Problem to work on - What is needed is an exact copy of the records, with the images left out.

Source records:
>>>>
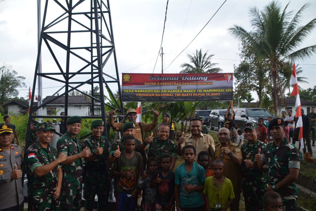 Kedatangan Kaskostrad disambut dengan tarian adat oleh masyarakat Kampung Wania. Kaskostrad Mayjen TNI Muhammad Saleh Mustafa beserta rombongan meninjau fasilitas air bersih Program TNI AD Manunggal Air Tahun 2023 dalam rangka Wasev TNI Manunggal Air Program Nasional Bakti Papua Tahun 2023. Titik air bersih berlokasi di Kampung Nawaripi, Distrik Wania, Kab. Mimika.
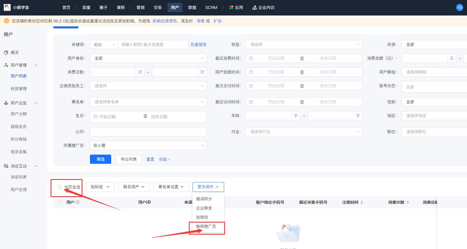 小鹅通商家用户可以登陆小鹅通店铺管理后台,找到“用户”——“用户列表”,在用户列表条件筛选的地方选择所属推广员,筛选出来这个推广员下面的所有客户,然后全选这个推广员下面的所有客户,点击“更多操作”里面的换绑推广员就可以了。
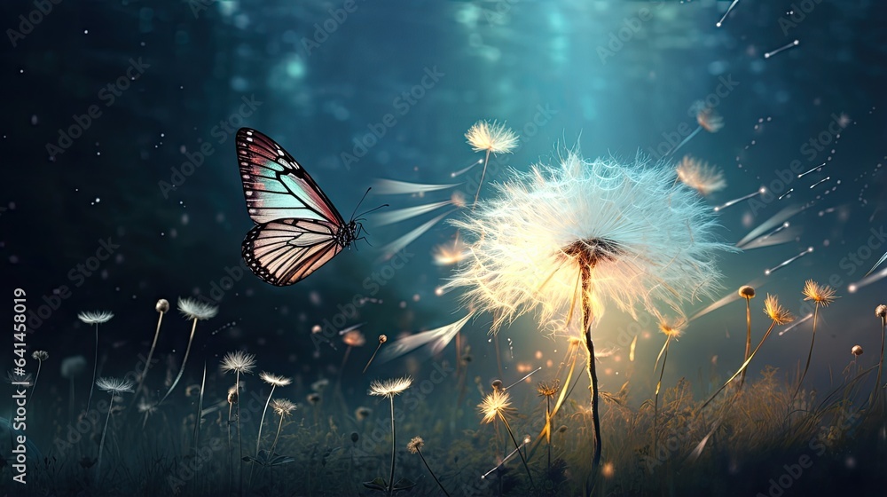 Fototapety Dmuchawiec - a dandelion with its seeds dispersing in the wind, while a butterfly adds a sense of dynamism to... #641458019
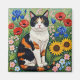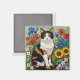 Aimant Calico Cat and Folk Art Sunflowers
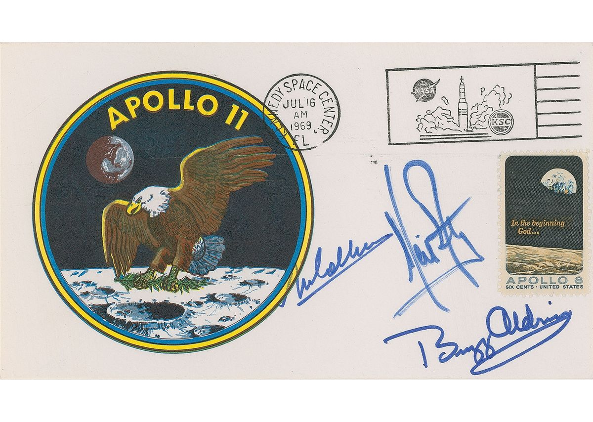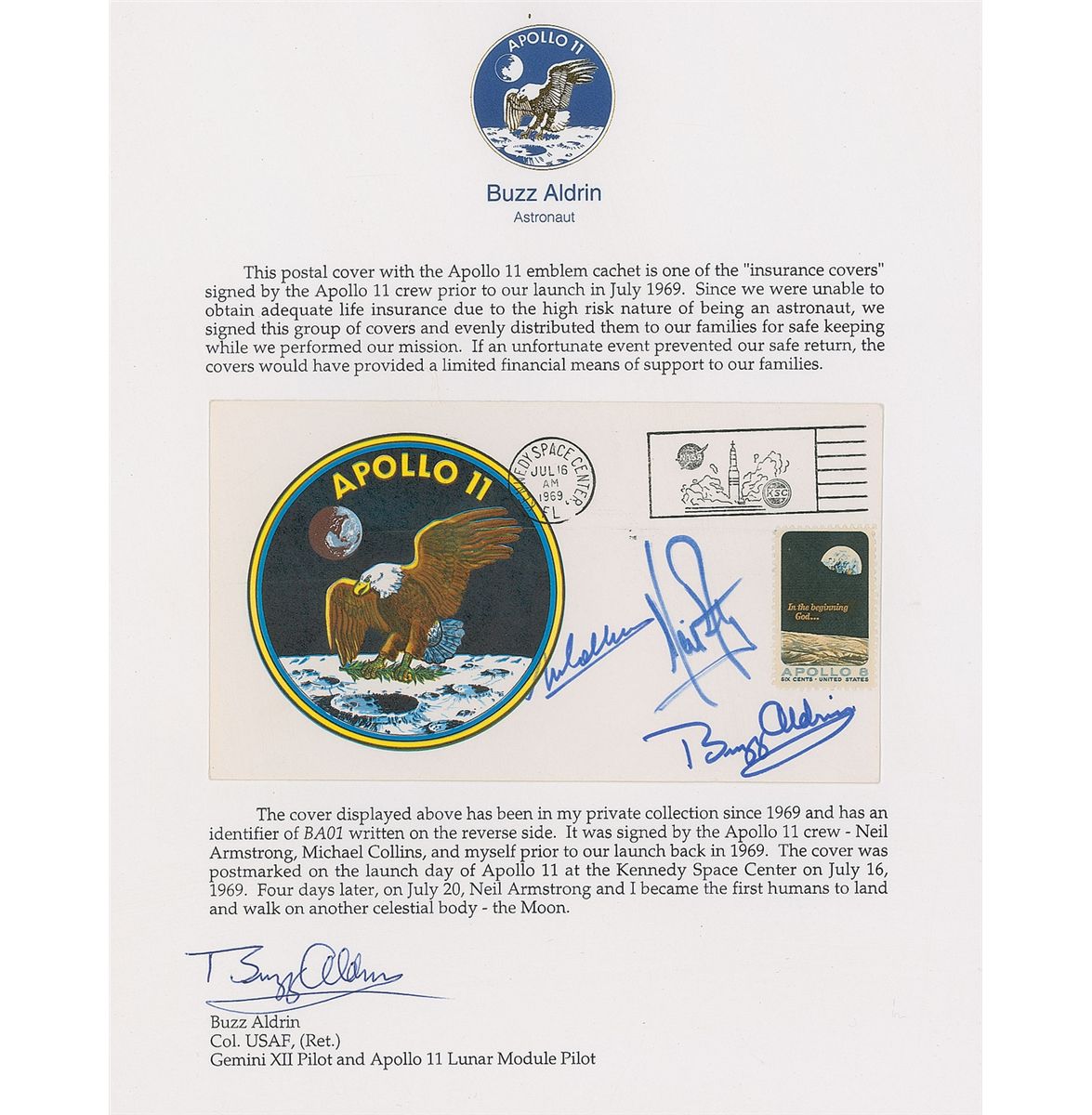 Apollo 11 'Type 3' insurance cover with a cachet of the mission insignia, bearing a July 16, 1969, Kennedy Space Center cancellation, numbered on the reverse “BA01,” signed in blue felt tip by Neil Armstrong, Buzz Aldrin, and Michael Collins. The cover is lightly affixed by three corners to a signed letter of authenticity from Buzz Aldrin on his own personal stationery which reads, in part: “This postal cover with the Apollo 11 emblem cachet is one of the ‘insurance covers’ signed by the Apollo 11 crew before our launch on July 16, 1969…The cover displayed above has been in my private collection since 1969 and has an identifier of BA01 written on the reverse side. It was signed by the Apollo 11 crew—Neil Armstrong, Michael Collins, and myself prior to launch.” In fine, bright condition. The ‘Type 3’ cover rates as the least commonly found of the three Apollo 11 insurance covers and is highly sought after by collectors; this one is further enhanced by its impeccable provenance from the second man on moon.
<<<<
Result -
 Kedatangan Kaskostrad disambut dengan tarian adat oleh masyarakat Kampung Wania. Kaskostrad Mayjen TNI Muhammad Saleh Mustafa beserta rombongan meninjau fasilitas air bersih Program TNI AD Manunggal Air Tahun 2023 dalam rangka Wasev TNI Manunggal Air Program Nasional Bakti Papua Tahun 2023. Titik air bersih berlokasi di Kampung Nawaripi, Distrik Wania, Kab. Mimika.
 小鹅通商家用户可以登陆小鹅通店铺管理后台,找到“用户”——“用户列表”,在用户列表条件筛选的地方选择所属推广员,筛选出来这个推广员下面的所有客户,然后全选这个推广员下面的所有客户,点击“更多操作”里面的换绑推广员就可以了。
 Fototapety Dmuchawiec - a dandelion with its seeds dispersing in the wind, while a butterfly adds a sense of dynamism to... #641458019
 Aimant Calico Cat and Folk Art Sunflowers
 Apollo 11 'Type 3' insurance cover with a cachet of the mission insignia, bearing a July 16, 1969, Kennedy Space Center cancellation, numbered on the reverse “BA01,” signed in blue felt tip by Neil Armstrong, Buzz Aldrin, and Michael Collins. The cover is lightly affixed by three corners to a signed letter of authenticity from Buzz Aldrin on his own personal stationery which reads, in part: “This postal cover with the Apollo 11 emblem cachet is one of the ‘insurance covers’ signed by the Apollo 11 crew before our launch on July 16, 1969…The cover displayed above has been in my private collection since 1969 and has an identifier of BA01 written on the reverse side. It was signed by the Apollo 11 crew—Neil Armstrong, Michael Collins, and myself prior to launch.” In fine, bright condition. The ‘Type 3’ cover rates as the least commonly found of the three Apollo 11 insurance covers and is highly sought after by collectors; this one is further enhanced by its impeccable provenance from the second man on moon.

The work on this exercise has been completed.